I only use Clyrolinx and have had no problems. That is for nic, PG and VG separately, not their pre-mixed bases.


----------



## KZOR (1/11/16)

Damn ..... never realised their prices were that good ....... would have saved thousands if I used them for the last 3 months.


----------



## KZOR (1/11/16)

How do you justify a R300 price difference on 500ml nic (both USP grade), a R540 difference on a 5lt VG (both BP grade) and a R470 difference on 5lt PG (both BP grade)?
Both are well established SA vendors.
It is stuff like this that angers me.

Reactions: Like 1 | Agree 3


----------



## RichJB (1/11/16)

I'm not sure if there's a catch here @KZOR but, in the case of VG, we do at least have an external comparison by way of Clicks, Dischem and others. Their Dolly Varden VG prices are more or less in line with the non-Cly vendors. So I don't think the non-Cly vendors are putting big markups on. For some reason, Cly just seem to have a very cheap source. That might make some folks suspicious but Geoff sends paperwork with lab results with the delivery, and both the paperwork and the product seem all in order to me. As I say, I've never had any problems with funky taste or anything. So I dunno, it's one of those "hey, if it's that cheap, mine not to reason why" kinda things.

Reactions: Like 1


----------



## Soutie (1/11/16)

It could be as simple as jumping up a level in the distribution line. Cly might have an inside track on a local producer whereas the other guys have to buy wholesale. Cly could in essence be selling at what these other guys buy wholesale for. 

There is very little in it between the pricing the other vendors have Either you have just unearthed a HUGE conspiracy and we can all in the competition commission or CLY knows something the rest don't and you can take advantage of that if you like

Reactions: Like 1


----------



## RichJB (1/11/16)

Soutie said:


> Either you have just unearthed a HUGE conspiracy



I always like that angle. If we can work in the Illuminati, so much the better. I was YouTube surfing last night and somehow came upon the full documentary of the car crash death of Lisa "Left Eye" Lopes, one of the TLC singers. She died in Honduras after taking a bunch of family and friends there to get cleansed by her guru Dr Sebi.
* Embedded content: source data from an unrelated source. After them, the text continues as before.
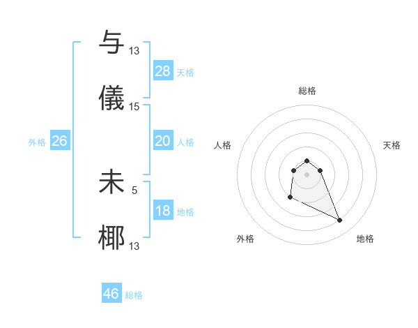 与儀 未椰さんの総格は46画の1点!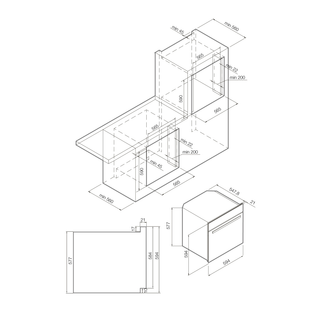 Multi Cooking: нагрев верхнего, нижнего и кольцевого элементов с вентиляцией для равномерного распределения тепла и одновременного приготовления блюд на нескольких уровнях без смешивания запахов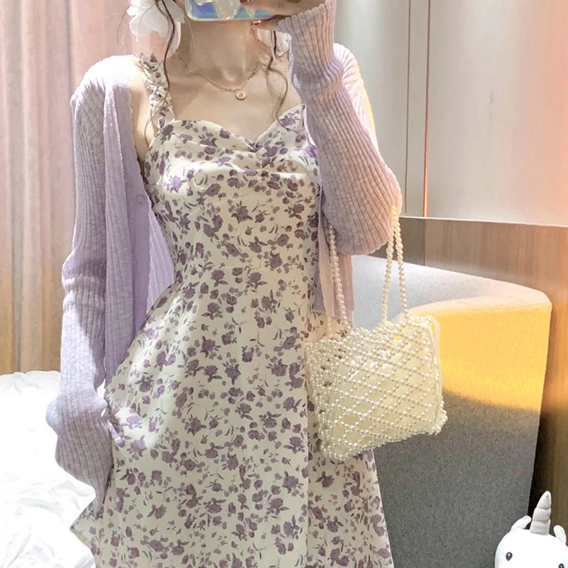 Dresses Woman Summer 2022 Party Sleeveless Y2k Sling Sexy Casual Aesthetic Floral Print Midi High Waist Harajuku Female Clothing

There was a conspiracy theory video leading off from that, claiming that the Illuminati and big pharma had her murdered because she was about to reveal to the world how this Dr Sebi oke can cure cancer with herbs.

So anyway, my curiosity is piqued now so I watch further and they have footage of her and her friends being cleansed. Dr Sebi mixes up the herbs, then a sub-title in the video tells us "The herbs don't taste good". Which becomes apparent when everybody who takes the herb drink then hurls afterwards. I mean, it's worse than an episode of Jackass, it's just people hurling everywhere. Sies.
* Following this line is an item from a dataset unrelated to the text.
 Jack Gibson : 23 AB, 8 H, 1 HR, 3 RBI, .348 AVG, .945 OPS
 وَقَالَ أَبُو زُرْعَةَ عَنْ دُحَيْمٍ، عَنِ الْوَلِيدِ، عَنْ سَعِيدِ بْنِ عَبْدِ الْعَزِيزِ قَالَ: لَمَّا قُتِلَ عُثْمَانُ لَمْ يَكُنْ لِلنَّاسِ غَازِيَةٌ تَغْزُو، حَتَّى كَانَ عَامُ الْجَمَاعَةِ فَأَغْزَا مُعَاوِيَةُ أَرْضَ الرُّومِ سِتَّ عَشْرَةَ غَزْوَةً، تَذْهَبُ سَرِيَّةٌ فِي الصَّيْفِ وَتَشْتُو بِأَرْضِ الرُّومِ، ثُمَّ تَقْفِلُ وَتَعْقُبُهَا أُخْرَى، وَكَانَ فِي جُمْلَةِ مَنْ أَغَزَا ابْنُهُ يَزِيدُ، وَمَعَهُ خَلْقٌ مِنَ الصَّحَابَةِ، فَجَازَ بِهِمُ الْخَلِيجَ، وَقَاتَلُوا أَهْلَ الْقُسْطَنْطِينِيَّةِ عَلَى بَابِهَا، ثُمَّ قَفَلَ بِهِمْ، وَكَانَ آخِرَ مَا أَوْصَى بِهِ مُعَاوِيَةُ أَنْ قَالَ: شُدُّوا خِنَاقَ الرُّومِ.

But then the true conspiracy struck me. The makers of the conspiracy theory video hadn't twigged but I did immediately. Big pharma snuck into Dr Sebi's place and contaminated his herbs with TFA Cheesecake!  Is there NO DEPTH to which big pharma won't sink?!? Having people bumped off is bad enough. But forcing them to ingest TFA Cheesecake is a crime against humanity.

Reactions: Funny 6


----------



## KZOR (1/11/16)

Just ordered some 5ml flavours, nic, pg and vg.
I know how my juices taste so will use clyrolinx bases to make the same recipes.
Will give feedback later this week whether aye or nay.

Reactions: Like 1


----------



## GregF (1/11/16)

Geoff sells a hell of a lot of PG and VG to other industries (non vape related)


----------



## KZOR (1/11/16)

RichJB said:


> contaminated his herbs with TFA Cheesecake


If there is a red tint to the vomit then it had to be Inawera Rasberry.

Reactions: Funny 1


----------



## Strontium (1/11/16)

I've only bought his premixed bases and they're spot on, I've vaped them "raw" to see if there's anything off but nope, they're perfect.


----------



## Naz (1/11/16)

I just bought 2 liters of Vg and pg from Geoff, at first I was skeptical because of the massive price difference but I have made some juice with it and it seems fine to me. More money to spend on concentrates


----------



## Strontium (1/11/16)

Naz said:


> I just bought 2 liters of Vg and pg from Geoff, at first I was skeptical because of the massive price difference but I have made some juice with it and it seems fine to me. More money to spend on concentrates


His concentrates are well priced too.


----------



## Huffapuff (2/11/16)

Soutie said:


> It could be as simple as jumping up a level in the distribution line. Cly might have an inside track on a local producer whereas the other guys have to buy wholesale. Cly could in essence be selling at what these other guys buy wholesale for.
> 
> There is very little in it between the pricing the other vendors have Either you have just unearthed a HUGE conspiracy and we can all in the competition commission or CLY knows something the rest don't and you can take advantage of that if you like



I always assumed that CLY were the local producer. That would explain their prices. And they make their own concentrates too - maybe they are the source rather than just a reseller.


----------



## Soutie (2/11/16)

Huffapuff said:


> I always assumed that CLY were the local producer. That would explain their prices. And they make their own concentrates too - maybe they are the source rather than just a reseller.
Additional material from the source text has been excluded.